| Supplied material |
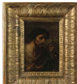
Lot 248 - 16th-17th c. Spanish Old Master Portrait of a Saint, possibly St. Santiago, 10" x 7" est. $2000 - $3000
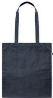
Cottonel Duo MO9424 2 tone recycled cotton and recycled polyester shopping bag with long handles.
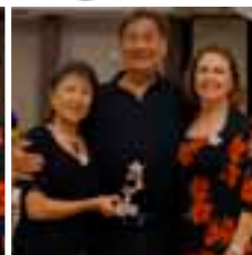
2nd - One Star Rhythm
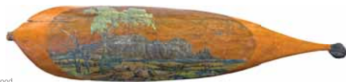
06. Albert Namatjira, Spear Thrower , c. 1938, incised and painted mulga wood, 80 x 17 x 7 cm, courtesy The Legend Press
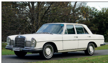
LOT 19 1971 MERCEDES-BENZ 280SE 3.5 SALOON $8 - 12,000

| Your goal |
None of the images should be copied, but every entry must be given again exactly.

| Solution to the exercise |
Lot 248 - 16th-17th c. Spanish Old Master Portrait of a Saint, possibly St. Santiago, 10" x 7" est. $2000 - $3000
Cottonel Duo MO9424 2 tone recycled cotton and recycled polyester shopping bag with long handles.
2nd - One Star Rhythm
06. Albert Namatjira, Spear Thrower , c. 1938, incised and painted mulga wood, 80 x 17 x 7 cm, courtesy The Legend Press
LOT 19 1971 MERCEDES-BENZ 280SE 3.5 SALOON $8 - 12,000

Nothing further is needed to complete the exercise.